By the early 1950s, Captain Morton had built up a fleet of Airspeed Consul (see heading image) and De Havilland Dragon Rapide aircraft and these were soon supplemented by more modern de Havilland Dove piston airliners to operate regular charter flights. These included general charter work, air ambulance services and racecourse charters. The latter's regularity was such that it amounted to a "quasi-scheduled" operation. Morton subsequently won traffic rights to operate fully fledged scheduled services from Croydon to the Channel Islands, Deauville, Le Touquet and Rotterdam.

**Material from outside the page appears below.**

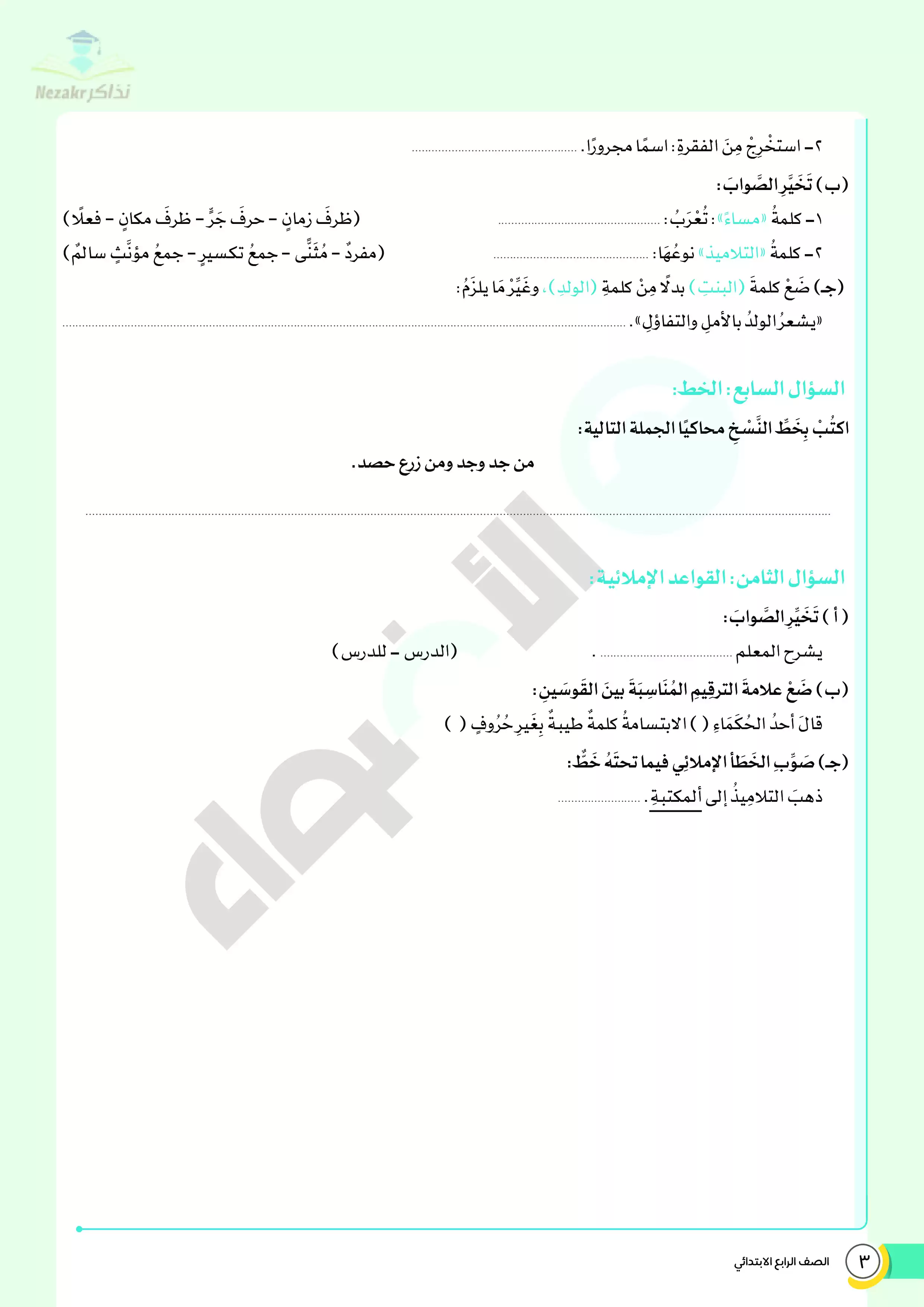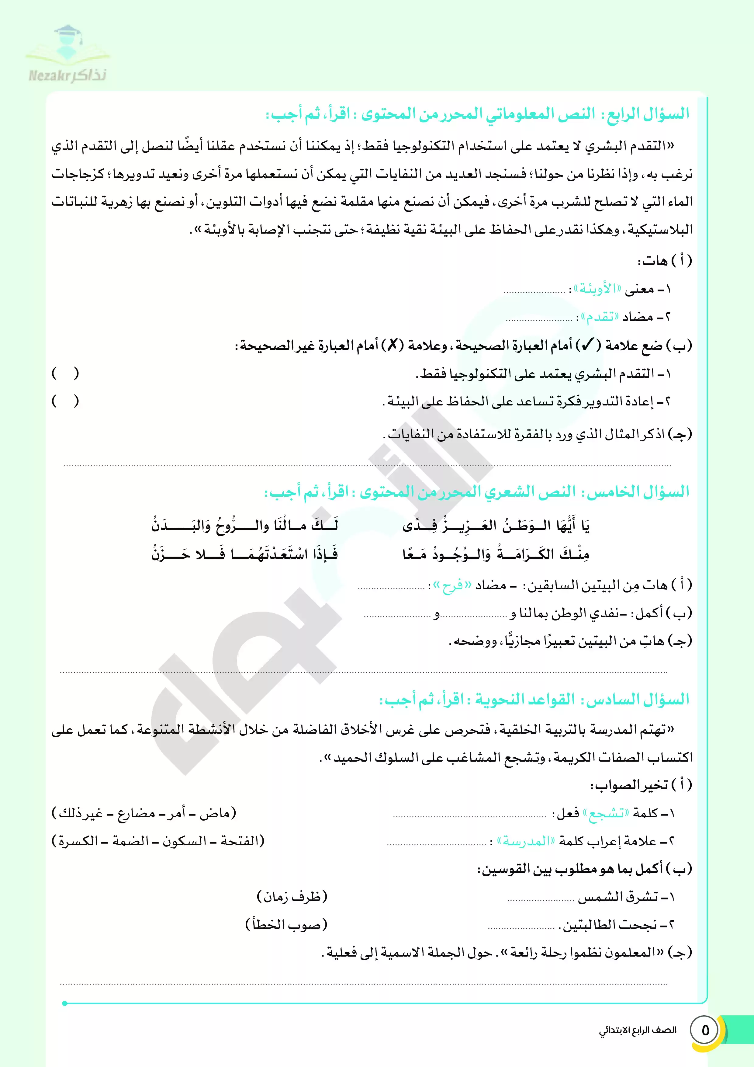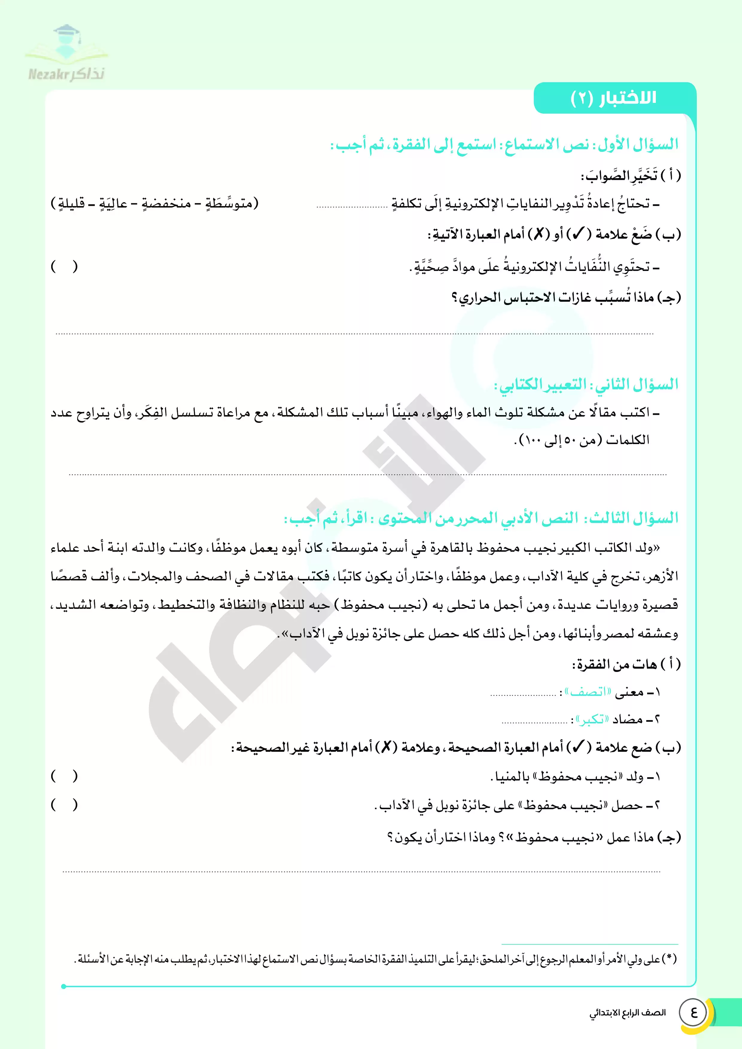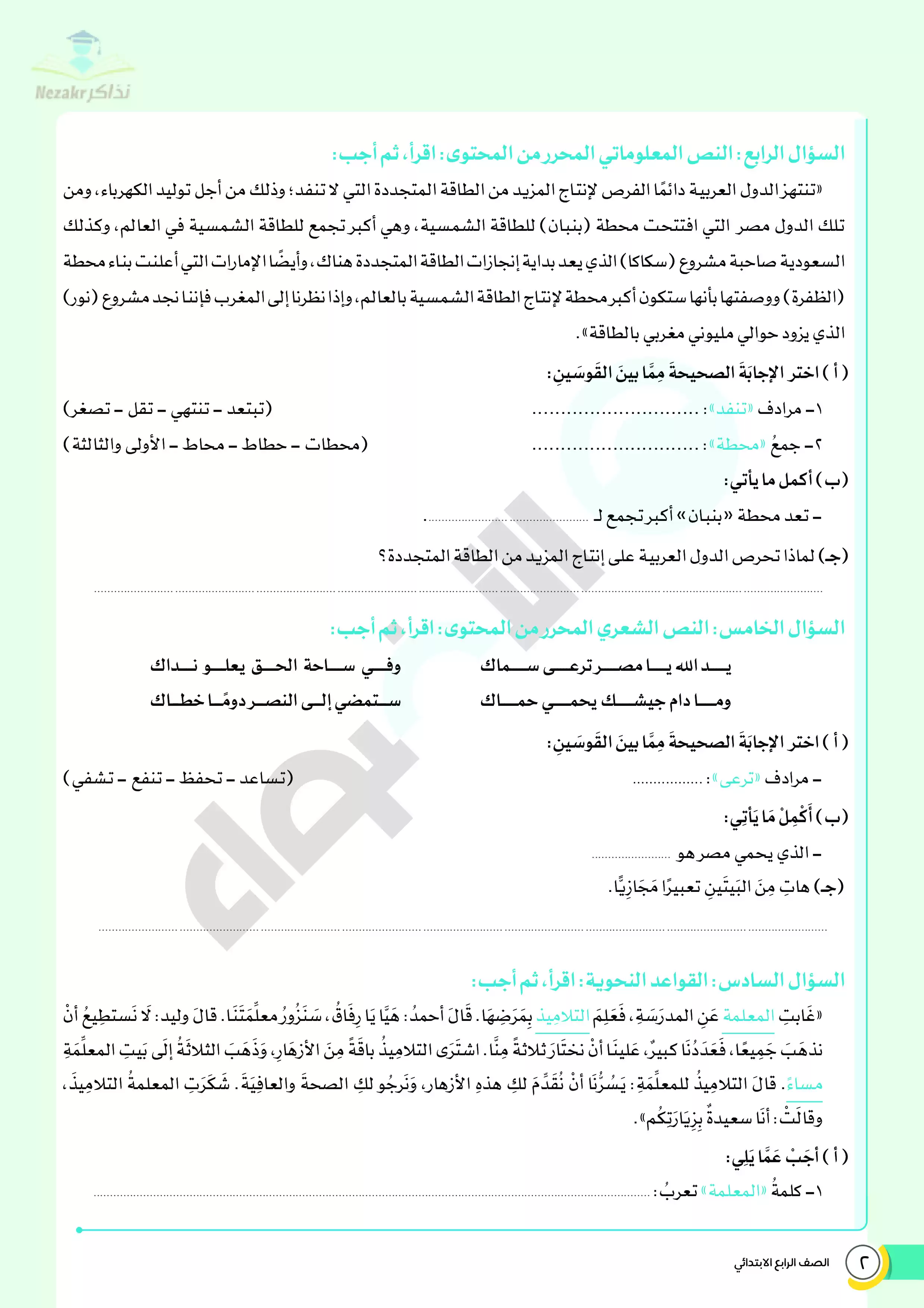 | بيانات الملف: (نماذج اختبارات ومراجعة الأضواء النهائية في مادة اللغة العربية للصف الرابع الابتدائي الترم الثاني - Nezakr) | |

Morton sold a minority stake of about 20% to rival independent airline Skyways. When that airline was taken over by the Lancashire Aircraft Corporation (LAC), another contemporary independent airline, LAC acquired ownership of Skyways's minority holding in Morton Air Services as well.

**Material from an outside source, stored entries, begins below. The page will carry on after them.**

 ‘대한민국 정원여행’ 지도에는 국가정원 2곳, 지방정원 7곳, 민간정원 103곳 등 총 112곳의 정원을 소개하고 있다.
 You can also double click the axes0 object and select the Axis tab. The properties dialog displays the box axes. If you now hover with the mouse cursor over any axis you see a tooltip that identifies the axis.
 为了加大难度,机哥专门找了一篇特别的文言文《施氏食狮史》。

In 1953, Morton Air Services gained control of its independent rival Olley Air Service. Following the takeover of Olley Air Service, that airline's operations were wholly integrated into Morton's but the Olley name would survive for certain services until 1963.

In 1958, Morton sold out to Airwork. The same year, Airwork started the process of merging with Hunting-Clan to form BUA.

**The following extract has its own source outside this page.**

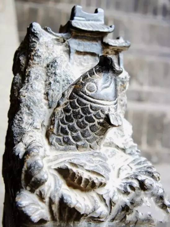 “鱼”和“余”、富裕的“裕”谐音,象征吉祥富裕、美好。雕“莲”和“鱼”的图案象征着“连年有余”。雕鲤鱼跃于两山之间的流水之中,表示鲤鱼跳龙门,象征着仕途高升。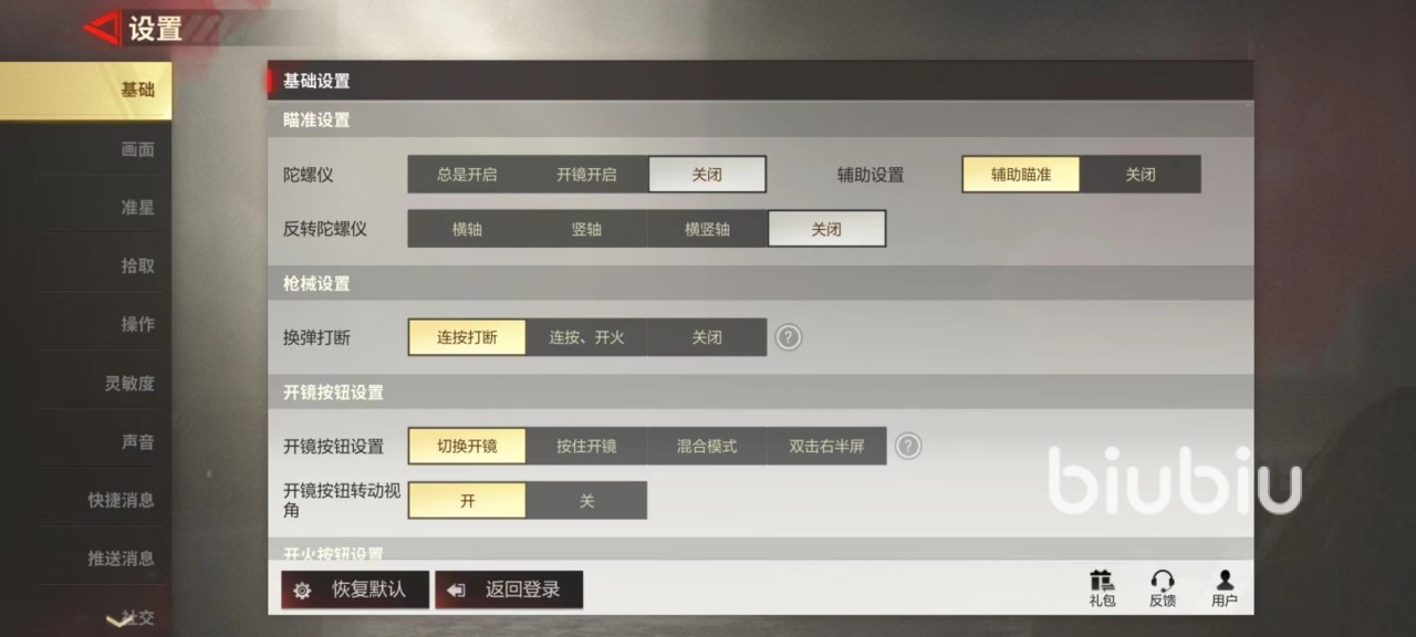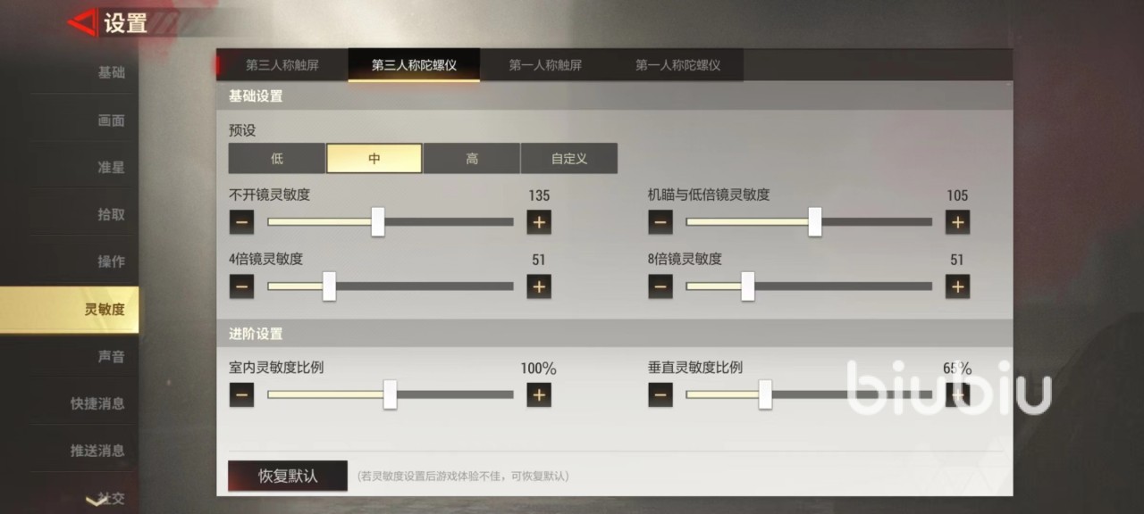 具体灵敏度就是在不同状态下使用陀螺仪也有较大区别,如果习惯于使用机瞄和低倍瞄准镜,例如红点、全息等。就去调整机瞄与低倍镜灵敏度,如果喜欢玩狙击枪,就去调整8倍镜灵敏度等,完全根据自己喜好来设定。和触屏玩法在调整方式上完全相同。调整的时候同样建议在靶场中进行,这样可以随时进行更改,保证达到和自己配合最默契程度。

On 30 September 1959, a Morton Air Services de Havilland Heron (G-AOXL) operated the last scheduled passenger flight to depart Croydon. The aircraft was headed for Rotterdam. Another Heron, repainted to represent that aircraft currently (2011) guards the entrance to Croydon's Aerodrome Hotel.) By the following morning, the airline's entire operation — including its headquarters — had been relocated to Gatwick.

Although Morton's scheduled services were integrated into BUA's regional operations following the creation of that airline in July 1960, the Morton name survived until the completion of the BUA group's 1967/8 reorganisation. It finally disappeared on 1 November 1968. This was the day Morton was absorbed into BUIA, BUA's new regional affiliate.

Olley Air Service
In January 1934, Gordon Olley, a former pilot with Handley Page Transport and Imperial Airways, founded Olley Air Service.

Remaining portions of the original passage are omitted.